Após promessa de preservar os Correios, governo Lula enfrenta greve e crise bilionária na estatal
Em 2022, durante a campanha presidencial, Luiz Inácio Lula da Silva afirmou que não privatizaria os Correios caso voltasse à Presidência. A empresa permaneceu estatal, mas, quatro anos depois, enfrenta uma combinação difícil: prejuízos bilionários, reestruturação financeira e funcionários em greve por tempo indeterminado.
A paralisação começou às 22h do dia 10 de setembro de 2026, após assembleias de trabalhadores rejeitarem a proposta apresentada nas negociações do acordo coletivo. Um dos principais pontos de conflito é o plano de saúde dos funcionários, aposentados e dependentes.

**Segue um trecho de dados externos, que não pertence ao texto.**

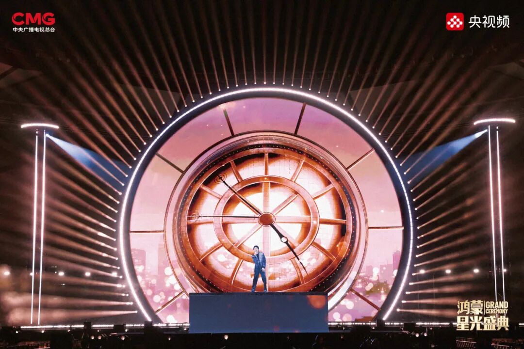盛典以“鸿蒙初开,星河互联”为理念,打造出一座兼具东方哲学意蕴与未来科技感的舞台。象征“天”的曲面球体如星辰初开,寓意鸿蒙系统凝聚万物;象征“地”的水景舞台包容万象,两侧镜面副屏延伸出无限可能的数字世界。舞台本身也是技术的突破——历经8天极限搭建,3065块曲面屏无缝拼接,攻克结构与曲率的双重挑战;8组灯光塔构筑起立体的“光宇宙”,书写万物互联的科技诗篇。在节目效果呈现上,盛典将AR、AI等前沿技术深度融合,打破物理与虚拟的界限,传递科技温度。
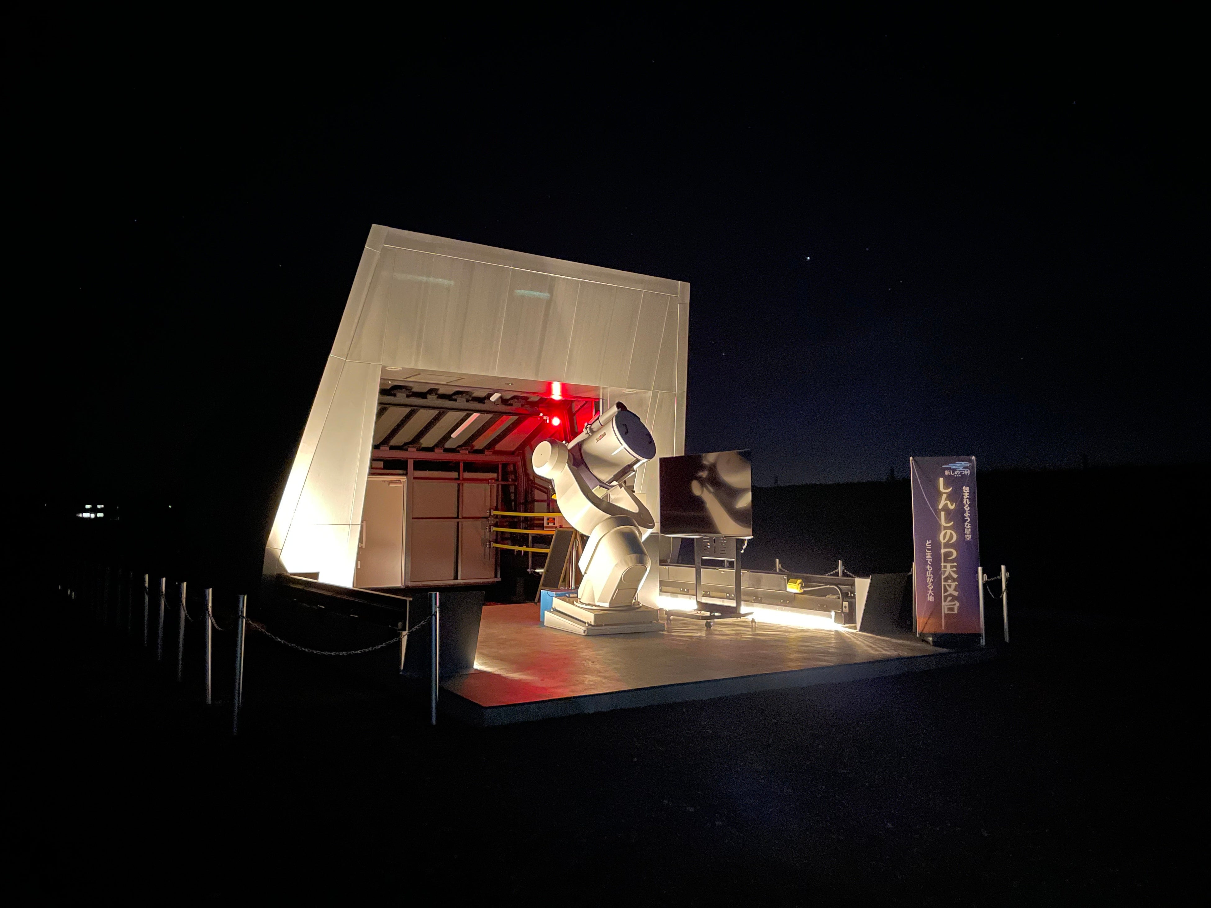 駐車場やトイレを完備した設備環境はもちろん、屋外型とも言える天文台であるため良好な光環境を得るために地域住民の理解を得て街灯に消点灯可能なスイッチを取り付けたり、地元の企業や寺院に天文台開館日は消灯を依頼したり、地域の方の協力を得てしんしのつ天文台の運営は成り立っています。2025年には太陽望遠鏡を導入し昼間も営業しています。
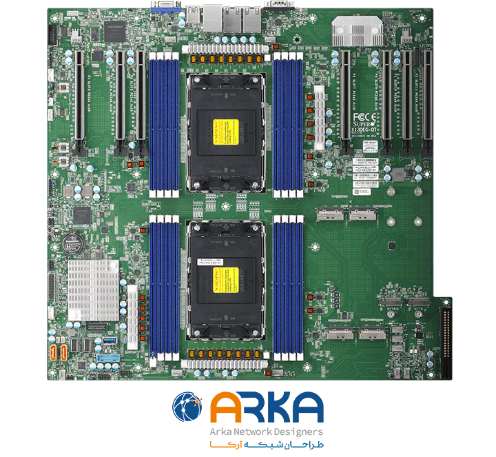 این سرور از سوکت دوگانه LGA-4677 پشتیبانی میکند و مجهز به پردازندههای Xeon نسل چهارم و پنجم است. هر پردازنده دارای 16 هسته و 32 رشته با کش 30MB میباشد و توان مصرفی آن تا 350W در حالت Air Cooling و Liquid Cooling است. این ویژگیها باعث میشود در بررسی سرور Supermicro SYS-751GE-TNRT-NV1، آن را گزینهای ایدهآل برای بارهای پردازشی پیچیده بدانیم.
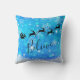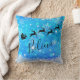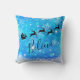 Coussin de Noël avec une silhouette noire de père Noël dans son traîneau tiré par son renne volant à travers le ciel. Croyez écrit dans une police de script tendance. L'arrière - plan est un modèle de flocon de neige glacé bleu glacé.
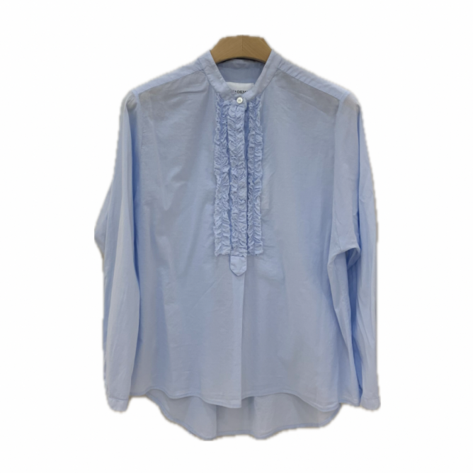 Camicia in denim, dal fit morbido, giro collo, abbottonatura a polo lunga con dettaglio a sciarpina.
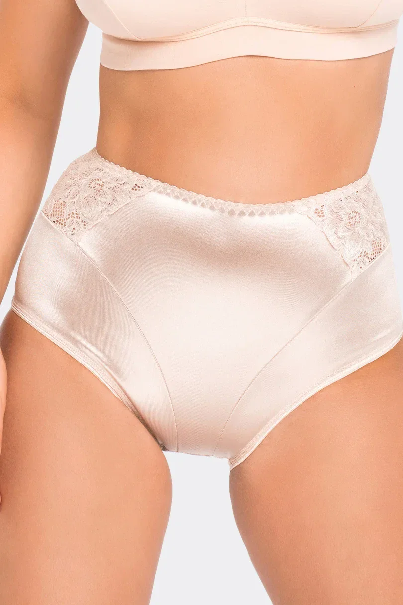 Postavě lichotivý spodní díl bikin plného a vypasovaného střihu s vyšším pasem, vyrobený z hladkého polyamidového úpletu

Os Correios afirmam que tentaram preservar a maior parte das cláusulas do acordo anterior e defendem mudanças como necessárias diante da situação financeira da companhia. A empresa havia recorrido ao Tribunal Superior do Trabalho, que determinou a manutenção de 80% do efetivo durante a greve, considerando o caráter essencial do serviço.

A greve chega justamente quando a estatal tenta colocar de pé um plano de recuperação.

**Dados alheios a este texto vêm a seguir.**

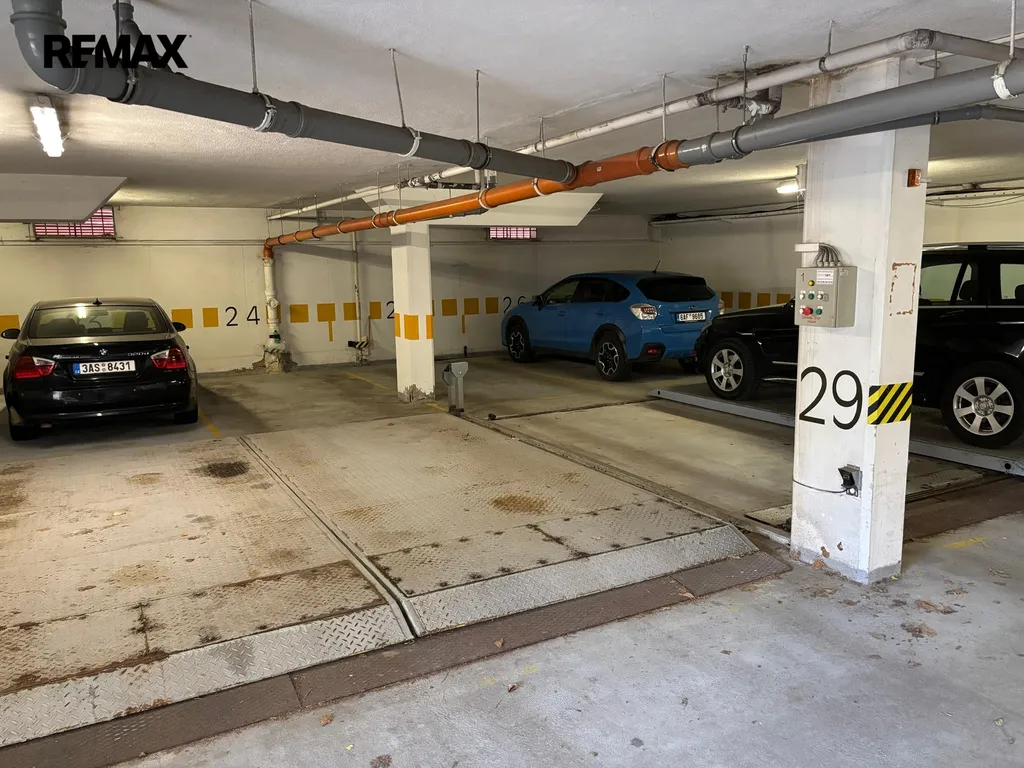 Vjezd do garáže je zajištěn přes automatická vrata na dálkové ovládání, přístup mají pouze vlastníci a nájemci domu.

No segundo trimestre de 2026, os Correios registraram prejuízo líquido de R$ 2,39 bilhões. Apesar de o resultado representar melhora de 24,4% em relação ao prejuízo de R$ 3,16 bilhões do primeiro trimestre, a própria empresa reconhece que a situação financeira continua desafiadora.
Para reforçar o caixa e reorganizar dívidas, a companhia contratou uma operação de crédito de R$ 12 bilhões com garantia da União, além de implementar medidas de redução de despesas, revisão de contratos e reorganização da estrutura.
O contraste chama atenção porque a defesa dos Correios públicos foi uma das posições adotadas por Lula antes de assumir o terceiro mandato. Em 2022, ele declarou que empresas como Correios, Banco do Brasil e Caixa não seriam privatizadas em seu governo.
Manter uma estatal pública, porém, é diferente de conseguir torná-la financeiramente saudável. Esse passou a ser o problema colocado sobre a mesa.
O governo e a direção da empresa defendem a recuperação e a modernização dos Correios. Já os trabalhadores argumentam que o ajuste financeiro não pode retirar direitos, especialmente mudanças no plano de saúde. Do lado dos consumidores, a paralisação já provoca relatos de atrasos em encomendas e problemas no rastreamento, enquanto os Correios realizam mutirões e remanejamento de cargas para tentar reduzir os impactos.
A promessa de não privatizar foi cumprida até aqui. O desafio que permanece é outro: fazer a empresa recuperar as contas sem comprometer trabalhadores e serviços prestados à população.